14. Shuffling
Motivating Scenarios: You want to make the concepts of a null sampling distribution and a p-value more concrete, while also learning a very robust method for testing null hypotheses.
Learning Goals: By the end of this chapter, you should be able to:
- Explain what a permutation is.
- Describe why permuting data many times generates a sampling distribution under the null hypothesis.
- Use
R
’s infer package to permute data to determine if two sample means come from different (statistical) populations. - Recognize that permutation (shuffling) is used to generate null distributions, while bootstrapping (resampling with replacement) is used to estimate uncertainty.
- Generalize the concept of permutation as a method to test most null models.
One of the most common statistical questions we ask is, “Do these two samples differ?” For example:
- Do people who receive a vaccine experience worse side effects than those who receive a placebo?
- Do pink-flowered parviflora plants attract more pollinators than white-flowered plants?
Answering questions like these is fundamental to scientific research, and Null Hypothesis Significance Testing (NHST) provides a framework for addressing them. Recall from the previous chapter that NHST works by comparing the observed test statistic to its sampling distribution under the assumption that the null hypothesis is true. We then reject the null hypothesis if our data (or something more extreme) is a rare outcome of the null model and fail to reject the null hypothesis if our data (or something more extreme) is a common outcome of the null model.
Generating a Null Distribution with Permutation

But how do we find the null sampling distribution? One way, known as permutation, generates a null distribution directly from the data by randomly shuffling the explanatory variable. By breaking the link between variables and reshuffling many times, permutation simulates the null distribution because any observed differences or associations in the permuted data must be due to random chance. We can then generate a p-value by comparing our test statistic to this empirically generated null distribution (that is permuted).
Unlike mathematical tricks we will cover later, permutation makes very few assumptions. The most critical assumptions are that samples are random, independent, collected without bias, and that the null hypothesis assumes no association. What’s more, fancier permutation methods can accommodate some assumption violations (as we will see in the Structured Permutation section). Because permutation tests are highly versatile, they can be applied to a wide range of scenarios. This makes them a flexible tool for testing hypotheses, even in more complex designs.
Steps in a permutation test
There are a few steps to conducting a permutation test, and to conduct NHST, more generally. I work through them here so that we are prepared!
- State the null (\(H_0\)), and alternative (\(H_A\)) hypotheses.
- Decide on a test statistic.
- Calculate the test statistic for the actual data.
- Permute the data by shuffling values of the explanatory variables across observations.
- Calculate the test statistic on this permuted data set.
- Repeat steps 4 and 5 many times to generate the sampling distribution under the null.

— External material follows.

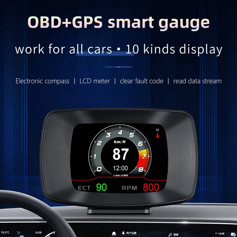 Функция режима OBD: скорость транспортного средства, температура воды, напряжение, расход топлива, скорость, один пробег, общий пробег, совокупное время в пути, направление движения, количество звезд, высота, часы, давление впуска, температура масла, соотношение воздуха и топлива, турбо давление, дроссельная заслонка, температура впуска, нагрузка двигателя, Испытание на ускорение, испытание на тормоз, Определение неисправности, четкий код неисправности

- Calculate a p-value as the proportion of permuted values that are as or more extreme than what was observed in the actual data.
- Interpret the p-value.
- Write up the results.
What’s ahead
To give you a quick break from Clarkia, and perhaps more importantly, to set up a groan-inducing pun we will move from plants to amphibians! But we are still concerned with mating and its implications. We will use this system to go through the steps above (and more) as follows:
- The next section introduces the biological system, scientific hypotheses and the data set. In doing so, we also go over steps 1-3 above. This section will also review key concepts of bootstrapping and uncertainty!
- In the section after that we generate the null sampling distribution and calculate a p-value with the infer package thereby addressing steps 4-7 and interpret and write up the results (steps 8-9)!
- I even show you how to permute in a way that mirrors the structure of our data to generate a null distribution with non-independent data.
- Finally, we address limitations of a standard permutation. We also introduce how we can accommodate non-independence in our statistical test by permuting in a way that matches the structure of our data!
As always, we conclude with a chapter summary containing all the goodies!
An exact permutation tests all possible shuffle of the data to get an exact p-value. However this is computationally not feasible for all but the smallest data sets.
Instead, we take a “Monte Carlo” (French for random stuff… jk) approach. We just take a large random sample of possible shuffles (say, 5,000) to build our null distribution. The p-value is then an approximation. But it’s good enough for NHST and is the standard way these tests are done.